Wednesday, February 9, 2011

The Real Silent Hill - Centralia, PA

I came across the name Centralia in a list of strange natural events while stumbling through the internet, and my curiosity was piqued.

Aerial View



If you have never played the video game or seen the film, Silent Hill involves a town shrouded in mist and fog, road blocks closing it off from the rest of the world. The protagonist and his/her child (depending on whether we are talking about the movie or the game) have a car accident near one of the road blocks. When the parent wakes up, the child is gone. With no other option, they are drawn further into a world of monsters, madness and pretty much everything you can imagine in 'Hell on Earth'.

But enough of the fictional Silent Hill. Above is a Google aerial view of Centralia, Pennsylvania. Even from this high up, you can see that something looks wrong. A traditional grid system of roads, but no buildings. 

In 1962, a load of rubbish was piled in a landfill and burned. Nothing wrong with that, after all we still incinerate all sorts of waste today. Just one problem though, the hole in the ground chosen for the bonfire was an abandoned strip mine. See, coal mining was big in Pennsylvania. Unfortunately, no one put two and two together and guessed that it might not be a good idea to risk setting fire to millions of tons of coal running under their town.

Well, the fire department showed up and doused it with water and they thought that was that, but a few days later the pit had erupted in flames again. This time they poured water on it for hours but it was too late, the underground seam had ignited.

Over the next twenty years, fire fighters threw everything they could at the problem. They poured water and ash on it, dug out burning material, dug trenches and backfilled and drilled thousands of holes to monitor the spread of the underground fire. Nothing worked.
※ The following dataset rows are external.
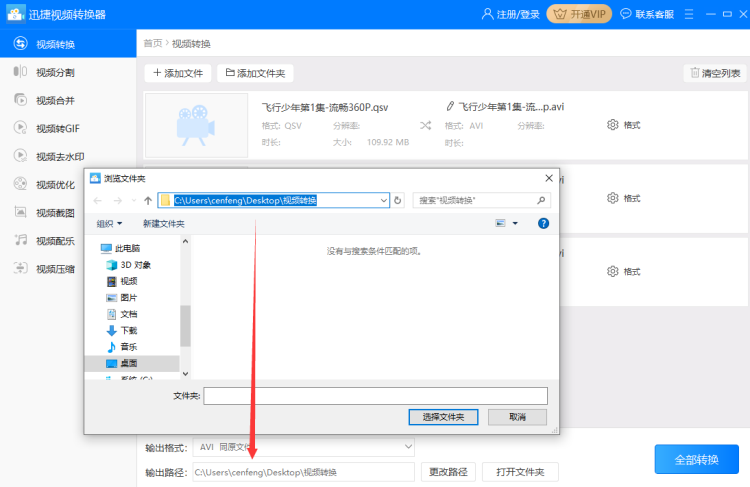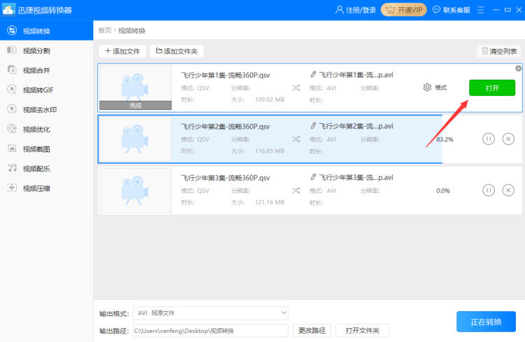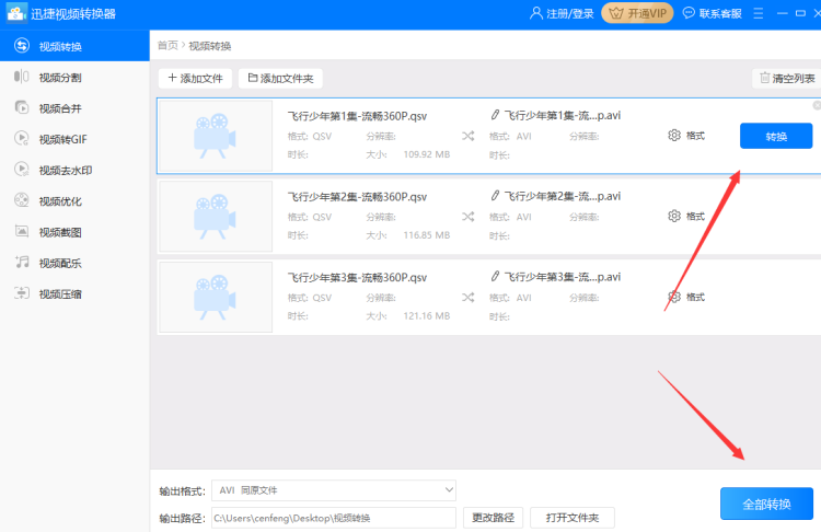 4、设置好输出路径后依次点击“转换”按钮单独转换需要转换视频格式,也可以直接点击软件右下角的“全部转换”按钮统一把qsv格式转换成avi格式。
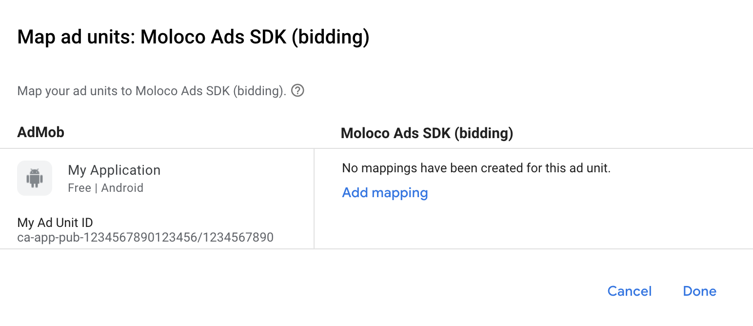 Jeśli masz już mapowanie pakietu Moloco Ads SDK, możesz je wybrać. W przeciwnym razie kliknij Dodaj mapowanie.
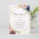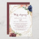 This geometric rustic gold glitter elopement reception card is perfect for a modern post elopement party. The design features hand-drawn watercolor purple, navy, blush, burgundy, navy flowers, green and gold leaves glitter adorning an elegant geometric frame.
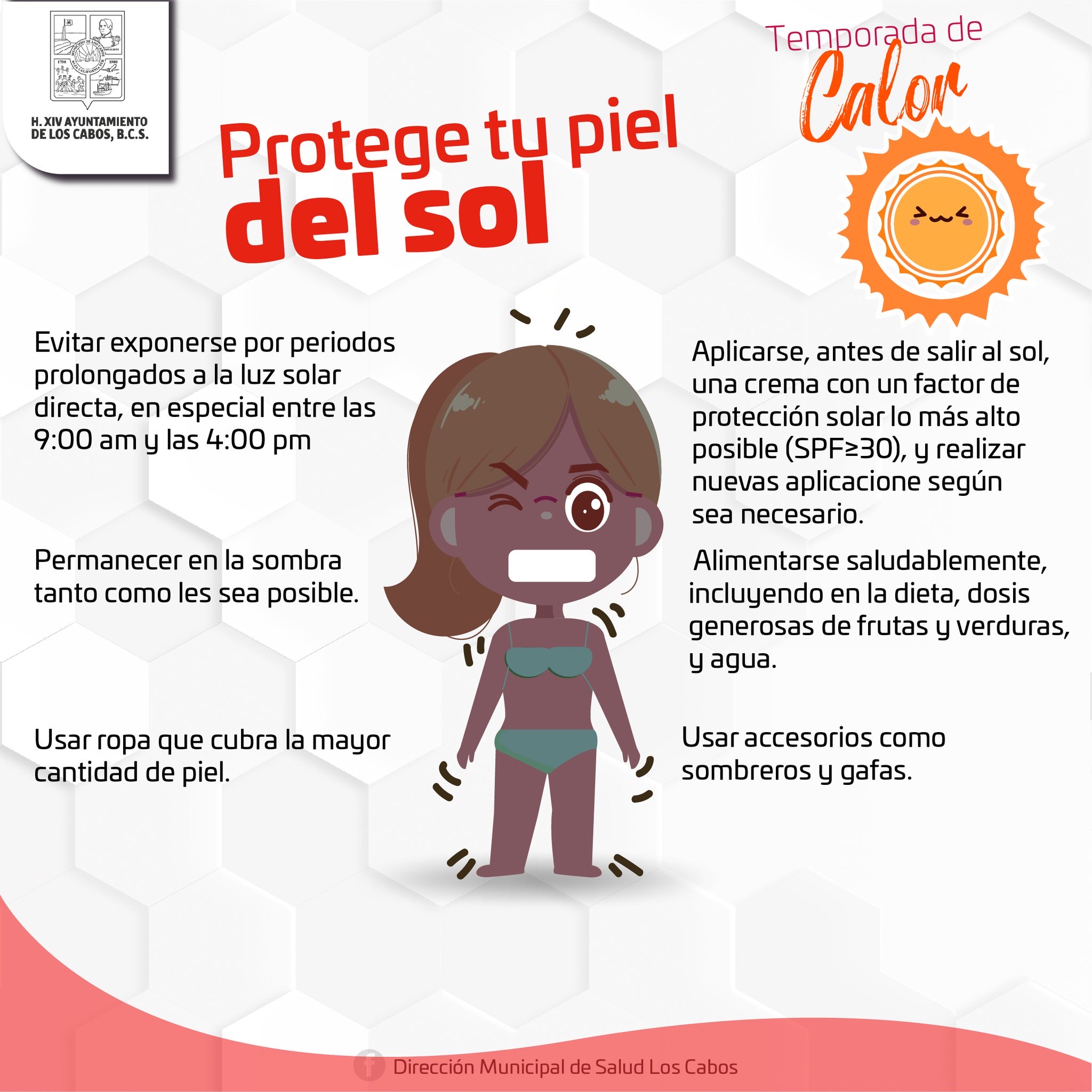 Los Cabos, B.C.S, 23 mayo 2024- El Gobierno de Los Cabos, a través de la Dirección Municipal de Salud, reitera la importancia de tomar medidas preventivas y de cuidado ante la ola de calor que está afectando la región, temperaturas que pueden representar un riesgo para la salud, especialmente para los grupos más vulnerables, como la niñez y las personas adultas mayores, así como con enfermedades crónicas.
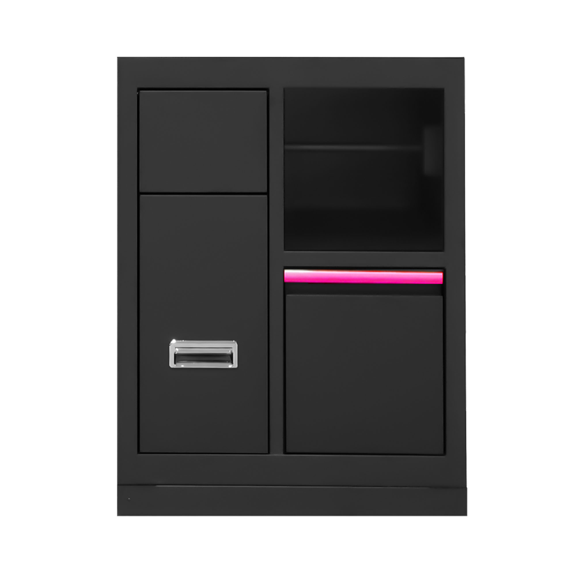 NUESTROS MUEBLES SE ENTREGAN DE SERIE CON TIRADORES VERDES. EN LOS MODELOS DISPONIBLES EN DISTINTOS COLORES, LOS TIRADORES SE SUMINISTRAN EN LOS TONOS CORRESPONDIENTES A CADA COMPONENTE SELECCIONADO. Mueble compacto con basura, estantería y cajón integrado para almacenamiento de útiles y residuos. Perfecto para optimizar y mantener ordenada la zona de trabajo en taller, garaje o uso particular.

In the 70s, the local gas station owner started to worry about the underground heat and dipped his storage tanks with a thermometer. The petrol stored underground was 180 degrees fahrenheit. 

By the early 80s, the fire covered an area of 200 acres and carbon monoxide levels had risen to dangerous levels. Homes had to be abandoned. A study concluded in 1983 that the fire could burn for another 100 to 250 years (some studies quote 'up to 1,000 years) and might spread to an area of 3,700 acres. The US government started to buy up the now unsafe houses and buildings and relocating residents, although several die hard Centralians refuse to leave.

In 1980, the population of Centralia was over one thousand, in 2010 it was seven.

If ever we needed a reminder of the damage we are capable of inflicting on our planet, here it is. There are concerns that, if the fire keeps spreading, it will one day affect the neighbouring towns in the same way. 

1 comment:

  1. There was a useless AP filler article on my ISP's home page that mentioned Centralia, because why? Because the fire they started 50 years ago happened on Memorial day, the day we remember all the young men we killed in senseless, and illegal wars. So, I did an image search. I wanted to see more pictures than the one they had of the doofus who wrote a disinfo book about it. What a hell hole. And like you were thinking, when I saw all this, I automagically started thinking of the way man in his out of control corporate greed and cheap energy will rape an pillage a planet that also just happens to be the only fuckin' place he has to life. Sometimes it makes me angry. And I want to kick their sicko asses around the block a few times just for starters.